Re: Comments on "Designing URI Sets for the UK Public Sector"

On Thu, Nov 11, 2010 at 05:23:08PM -0500, Young,Jeff (OR) wrote:
> One of my action items from the F2F was to comment on the URI patterns
> and functionality described in the "Designing URI Sets for the UK Public
> Sector" document:

(Copying some of the relevant people at DGU, this message is in
reply to this one:
http://lists.w3.org/Archives/Public/public-lld/2010Nov/0111.html
Also note that Jeff's nicely formatted HTML table was stripped out
by both my mailreader and the W3C list archives, probably best
not to send HTML in email in general...)

Hi Jeff, replying to signal to the data.gov.uk folks that this 
discussion is happening and also because I have also run into the
issues you describe in practice. A good example is the CKAN -> RDF 
converter which has to follow the CO guidelines when runnign
against the http://data.gov.uk site, and conventions that are more
like what you are describing when running against http://ckan.net/

The CO guidelines are a year old now, and lots of people have 
done quite a lot of thinking on the problem in the past year.
I think your comments are well-timed, a year on might be a good
time to have a brief review of the guidelines.
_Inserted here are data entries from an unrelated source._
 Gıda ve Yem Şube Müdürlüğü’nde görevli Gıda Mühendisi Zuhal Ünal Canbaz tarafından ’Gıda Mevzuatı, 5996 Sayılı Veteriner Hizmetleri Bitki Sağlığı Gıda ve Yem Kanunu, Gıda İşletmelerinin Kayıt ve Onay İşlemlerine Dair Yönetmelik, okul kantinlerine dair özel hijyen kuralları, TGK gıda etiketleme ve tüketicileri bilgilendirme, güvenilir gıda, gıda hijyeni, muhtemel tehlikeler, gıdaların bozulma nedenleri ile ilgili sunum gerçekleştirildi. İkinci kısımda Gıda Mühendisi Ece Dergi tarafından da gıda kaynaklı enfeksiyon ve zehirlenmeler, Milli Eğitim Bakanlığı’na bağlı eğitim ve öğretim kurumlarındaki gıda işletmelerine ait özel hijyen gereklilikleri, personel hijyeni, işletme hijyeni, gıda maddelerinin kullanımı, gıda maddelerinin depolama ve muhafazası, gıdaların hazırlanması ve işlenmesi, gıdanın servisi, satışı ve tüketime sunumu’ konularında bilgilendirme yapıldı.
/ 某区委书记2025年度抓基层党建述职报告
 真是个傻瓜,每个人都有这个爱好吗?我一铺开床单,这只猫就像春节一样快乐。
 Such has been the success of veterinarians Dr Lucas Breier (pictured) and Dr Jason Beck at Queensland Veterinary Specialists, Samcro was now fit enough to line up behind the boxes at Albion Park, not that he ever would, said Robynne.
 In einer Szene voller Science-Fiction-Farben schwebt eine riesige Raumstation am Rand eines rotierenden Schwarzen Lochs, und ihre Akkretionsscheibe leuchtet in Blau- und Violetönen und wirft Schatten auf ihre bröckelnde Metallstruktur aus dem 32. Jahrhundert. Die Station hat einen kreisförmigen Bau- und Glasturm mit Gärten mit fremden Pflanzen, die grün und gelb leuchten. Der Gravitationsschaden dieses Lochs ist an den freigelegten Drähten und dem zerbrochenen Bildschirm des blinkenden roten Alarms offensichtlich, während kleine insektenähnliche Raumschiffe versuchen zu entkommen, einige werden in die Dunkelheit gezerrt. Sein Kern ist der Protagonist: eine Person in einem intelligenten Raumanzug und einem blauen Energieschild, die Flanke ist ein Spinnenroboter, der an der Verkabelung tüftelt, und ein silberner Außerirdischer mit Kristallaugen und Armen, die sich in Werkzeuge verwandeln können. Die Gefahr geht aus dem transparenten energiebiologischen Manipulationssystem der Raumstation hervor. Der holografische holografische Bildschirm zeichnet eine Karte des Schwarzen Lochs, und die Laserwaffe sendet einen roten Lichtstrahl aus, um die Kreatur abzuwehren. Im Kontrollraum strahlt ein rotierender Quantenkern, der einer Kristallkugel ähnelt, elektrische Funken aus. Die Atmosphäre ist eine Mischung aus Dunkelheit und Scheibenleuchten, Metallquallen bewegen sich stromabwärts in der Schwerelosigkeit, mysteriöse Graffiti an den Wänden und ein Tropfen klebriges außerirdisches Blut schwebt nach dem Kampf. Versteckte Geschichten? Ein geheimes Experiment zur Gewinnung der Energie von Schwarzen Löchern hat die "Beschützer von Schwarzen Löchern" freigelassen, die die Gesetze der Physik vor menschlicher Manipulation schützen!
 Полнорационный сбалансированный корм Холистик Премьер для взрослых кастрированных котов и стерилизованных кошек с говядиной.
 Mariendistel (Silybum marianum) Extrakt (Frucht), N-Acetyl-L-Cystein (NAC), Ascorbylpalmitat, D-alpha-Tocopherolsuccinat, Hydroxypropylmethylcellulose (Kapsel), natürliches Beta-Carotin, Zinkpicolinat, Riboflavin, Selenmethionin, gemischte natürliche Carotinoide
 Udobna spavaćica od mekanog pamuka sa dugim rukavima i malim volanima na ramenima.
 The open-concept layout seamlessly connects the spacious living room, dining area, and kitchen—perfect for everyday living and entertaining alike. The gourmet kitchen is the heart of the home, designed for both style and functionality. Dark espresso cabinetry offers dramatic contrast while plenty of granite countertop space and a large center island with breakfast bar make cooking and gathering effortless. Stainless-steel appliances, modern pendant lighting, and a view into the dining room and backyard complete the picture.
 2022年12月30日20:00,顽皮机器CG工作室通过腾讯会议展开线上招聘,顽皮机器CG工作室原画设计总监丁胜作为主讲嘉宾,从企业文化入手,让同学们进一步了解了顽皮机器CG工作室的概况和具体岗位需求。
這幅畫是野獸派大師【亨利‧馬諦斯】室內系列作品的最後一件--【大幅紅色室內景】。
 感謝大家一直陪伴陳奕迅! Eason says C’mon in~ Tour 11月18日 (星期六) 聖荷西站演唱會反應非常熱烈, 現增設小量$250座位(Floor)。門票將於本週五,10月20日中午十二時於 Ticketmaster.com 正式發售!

Comments below are only on the differences between your suggestion
and OKF's practice.

> (Real world Document)
> 
> http://education.data.gov.uk/school/78
> 
> (Generic) Document
> 
> http://education.data.gov.uk/school/78/

I don't quite understand what a "Generic Document" is and the
difference between presence and absence of a slash is very slight
and likely to leat to confusion and bugs for people using the
data.

> (Web Document) Representation
> 
> http://education.data.gov.uk/school/78/doc.rdf

Why not just 78.rdf, 78.html, etc?

> Definition of the scheme concept
> 
> http://education.data.gov.uk/ontology/education/#School

The URI looks very strange. Obviously it is valid to have a
# immediately following a / but it still looks very strange.
And I don't see why ontology/education wouldn't be the
name of the ontology, with education.html being the human
readable documentation, and education.rdf being the machine
readable, and education#School being an identified fragment
in those docs.

> List of scheme identifiers
> 
> http://education.data.gov.uk/school/
> 
> Set
> 
> http://education.data.gov.uk/school

Again, this is a very big semantic difference for the presence
or absence of a / to signal. The way most people would
understand a trailing / is that it implies the string "index".
I realise this isn't RDF semantics but it is the behaviour
that everyone who has ever done any web development will 
expect. So why not school/schemes and school/all or something?
(along with schemes.html, schemes.rdf, all.html, all.rdf etc)?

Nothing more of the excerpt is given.